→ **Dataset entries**
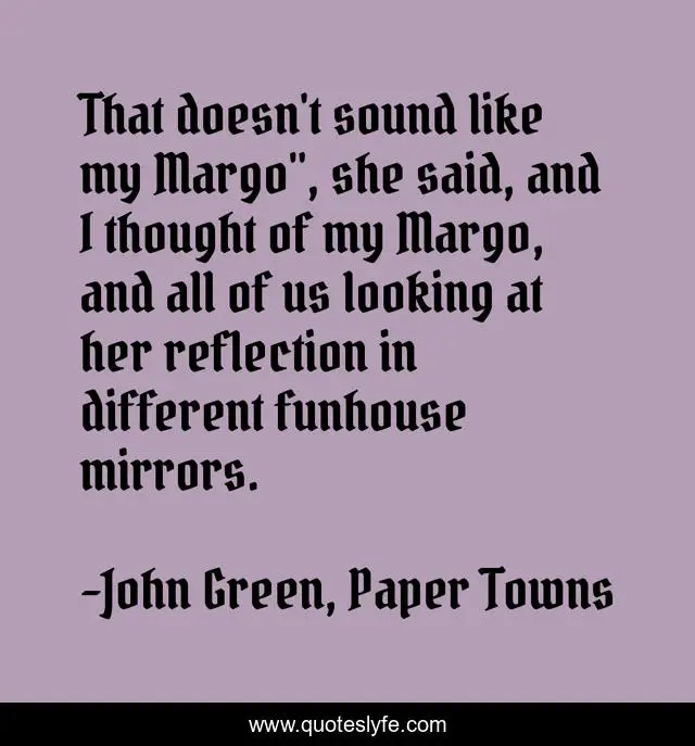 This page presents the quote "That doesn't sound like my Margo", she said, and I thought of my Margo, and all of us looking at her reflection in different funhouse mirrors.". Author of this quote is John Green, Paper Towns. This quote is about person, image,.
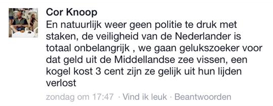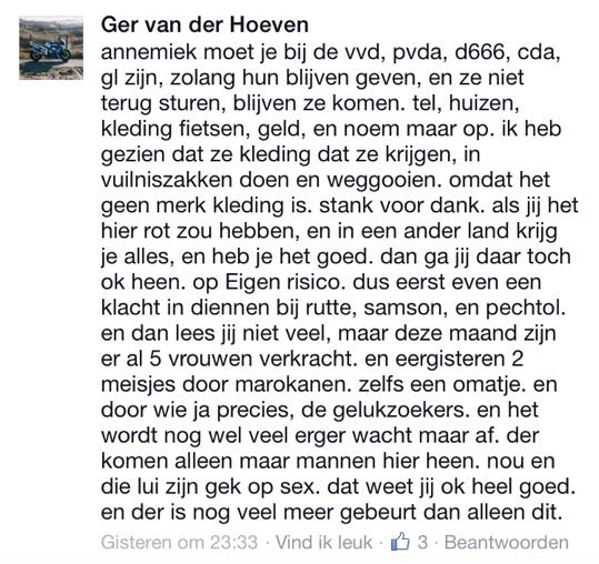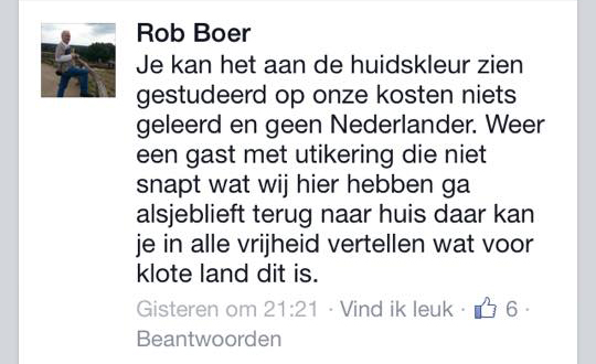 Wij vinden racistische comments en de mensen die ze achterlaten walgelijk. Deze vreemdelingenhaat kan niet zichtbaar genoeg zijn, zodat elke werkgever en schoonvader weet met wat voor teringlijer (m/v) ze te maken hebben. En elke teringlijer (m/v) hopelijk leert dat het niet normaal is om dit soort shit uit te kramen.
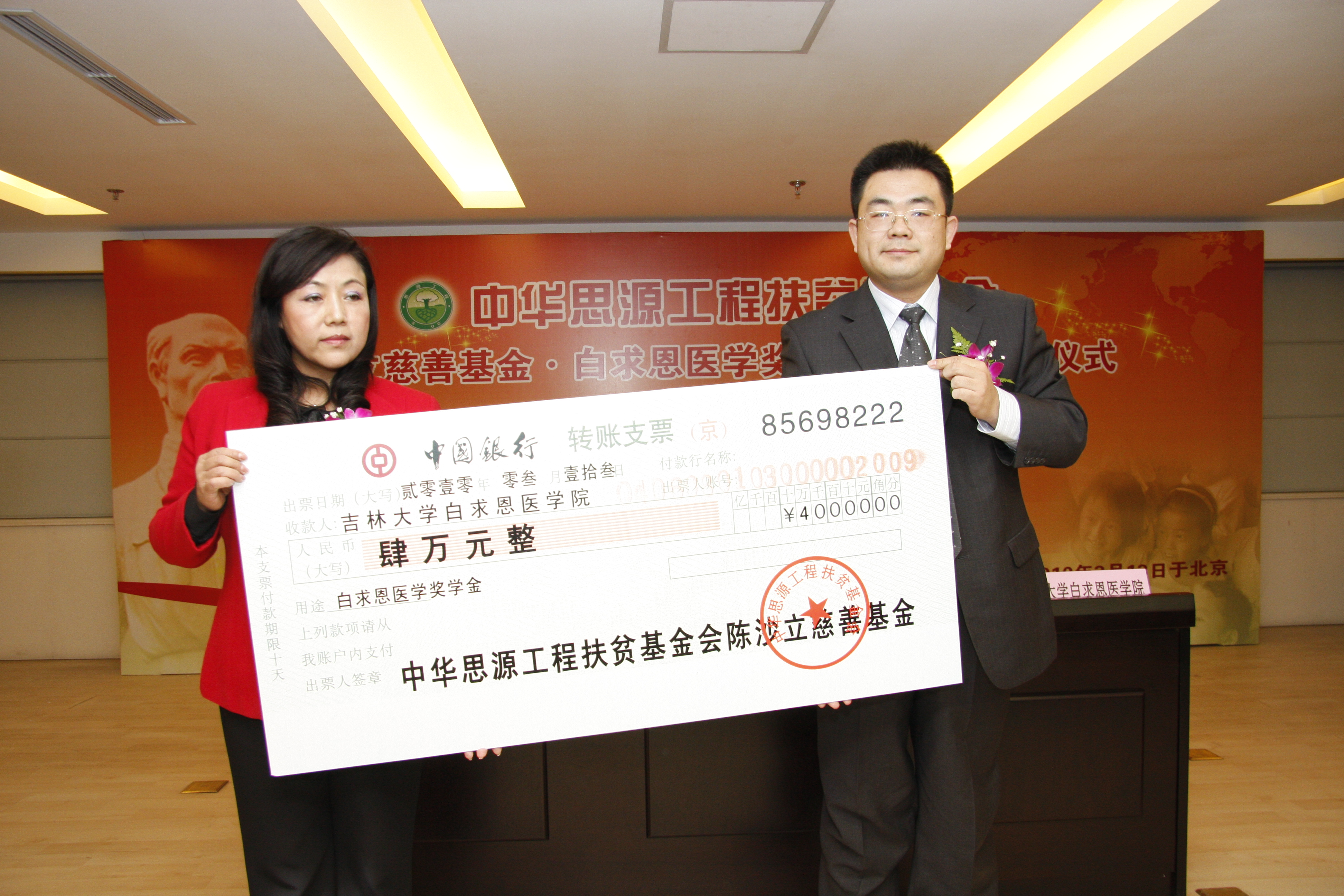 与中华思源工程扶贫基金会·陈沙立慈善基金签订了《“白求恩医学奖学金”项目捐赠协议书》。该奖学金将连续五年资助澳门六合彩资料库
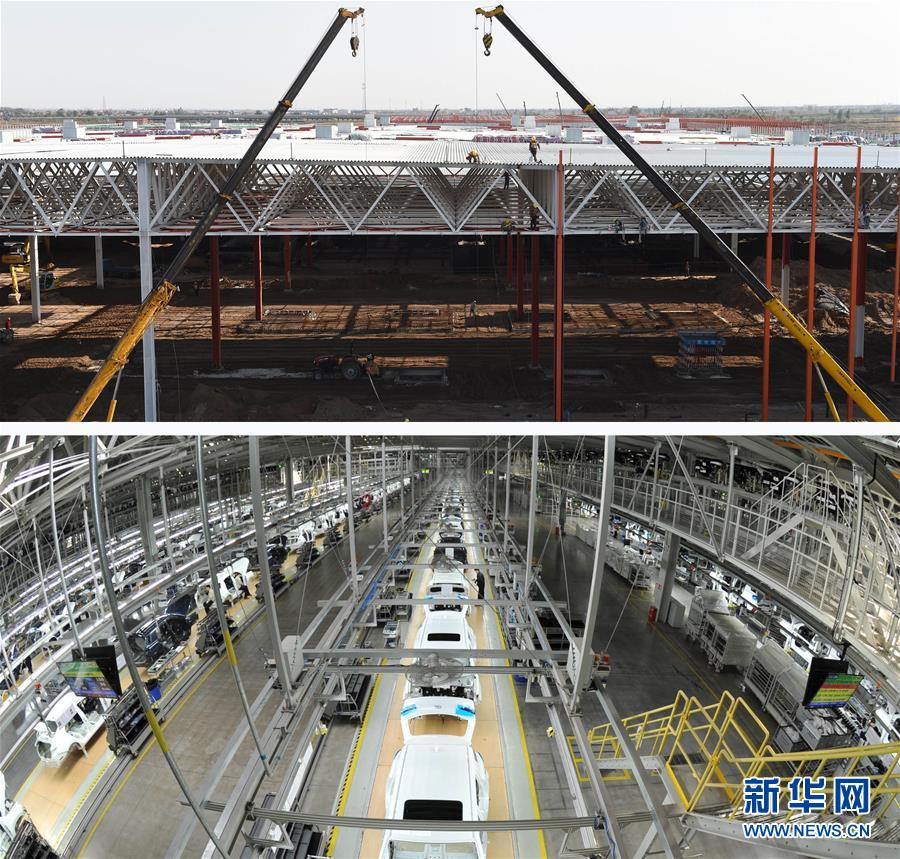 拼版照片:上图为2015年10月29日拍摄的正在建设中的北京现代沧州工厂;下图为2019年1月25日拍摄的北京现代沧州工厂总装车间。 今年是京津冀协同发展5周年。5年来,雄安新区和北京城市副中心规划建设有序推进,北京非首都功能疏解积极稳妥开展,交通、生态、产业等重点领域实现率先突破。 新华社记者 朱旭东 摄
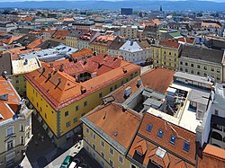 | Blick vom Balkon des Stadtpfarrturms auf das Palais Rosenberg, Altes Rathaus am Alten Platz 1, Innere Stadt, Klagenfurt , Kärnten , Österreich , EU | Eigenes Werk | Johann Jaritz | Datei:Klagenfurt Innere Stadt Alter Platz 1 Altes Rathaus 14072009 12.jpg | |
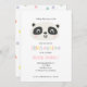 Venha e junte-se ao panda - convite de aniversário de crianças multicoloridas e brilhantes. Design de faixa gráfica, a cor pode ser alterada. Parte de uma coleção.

→ **Activity**
Return the lines above from the one with "与中华思源工程扶贫基金会·陈" through the one with "新华社记者 朱旭东 摄", verbatim and nothing else. Omit every picture.

→ **Exercise answer**
 与中华思源工程扶贫基金会·陈沙立慈善基金签订了《“白求恩医学奖学金”项目捐赠协议书》。该奖学金将连续五年资助澳门六合彩资料库
 拼版照片:上图为2015年10月29日拍摄的正在建设中的北京现代沧州工厂;下图为2019年1月25日拍摄的北京现代沧州工厂总装车间。 今年是京津冀协同发展5周年。5年来,雄安新区和北京城市副中心规划建设有序推进,北京非首都功能疏解积极稳妥开展,交通、生态、产业等重点领域实现率先突破。 新华社记者 朱旭东 摄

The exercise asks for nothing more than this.